Your task: The result should be an exact copy of only the lines from the one holding "Field workers taking" through the last line of the data below, please, without pictures.

Provided data:
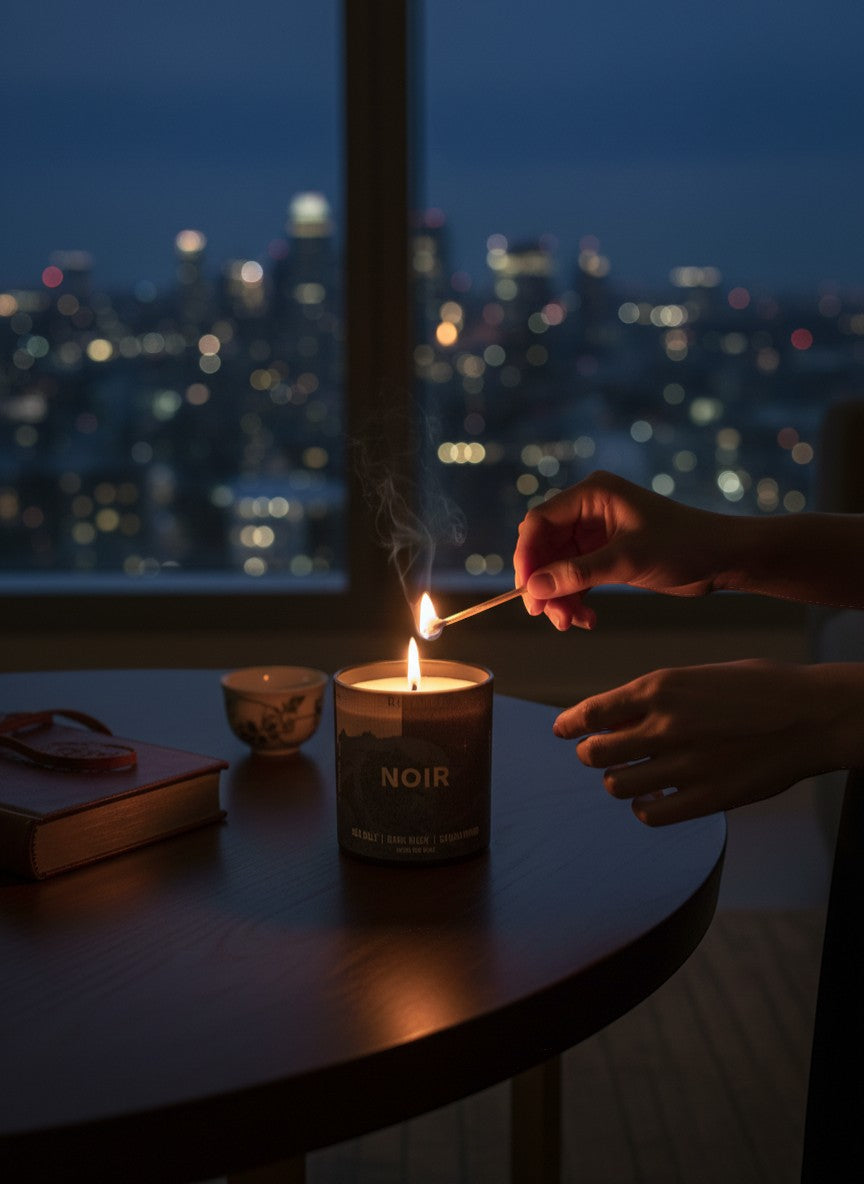 A study in shadows and depth. The Noir Suite explores the intersection of dark botanicals and industrial smoke, designed for environments that require gravity.
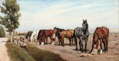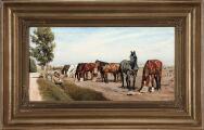 Field workers taking a lunch break. Signed and dated Otto Bache 1883. Oil on canvas. 27.5×53 cm.
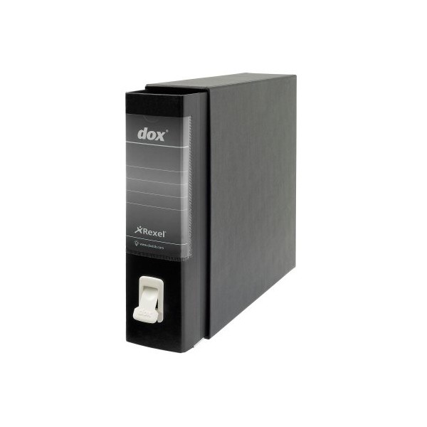 Il registratore a leva Dox 2, è rivestito con carta goffrata antimpronta e rifinito conparalati metallici alla base della plancia. E` dotato di un meccanismo a leva in acciaio nichelato con pressino, linguella di estrazione a scomparsa, e portaetichette con etichetta reversibile. La custodia è rivestita con carta nera goffrata trattata antimpronta con interno nero. Adatto a documenti formato A4 e protocollo.

Answer for this exercise:
 Field workers taking a lunch break. Signed and dated Otto Bache 1883. Oil on canvas. 27.5×53 cm.
 Il registratore a leva Dox 2, è rivestito con carta goffrata antimpronta e rifinito conparalati metallici alla base della plancia. E` dotato di un meccanismo a leva in acciaio nichelato con pressino, linguella di estrazione a scomparsa, e portaetichette con etichetta reversibile. La custodia è rivestita con carta nera goffrata trattata antimpronta con interno nero. Adatto a documenti formato A4 e protocollo.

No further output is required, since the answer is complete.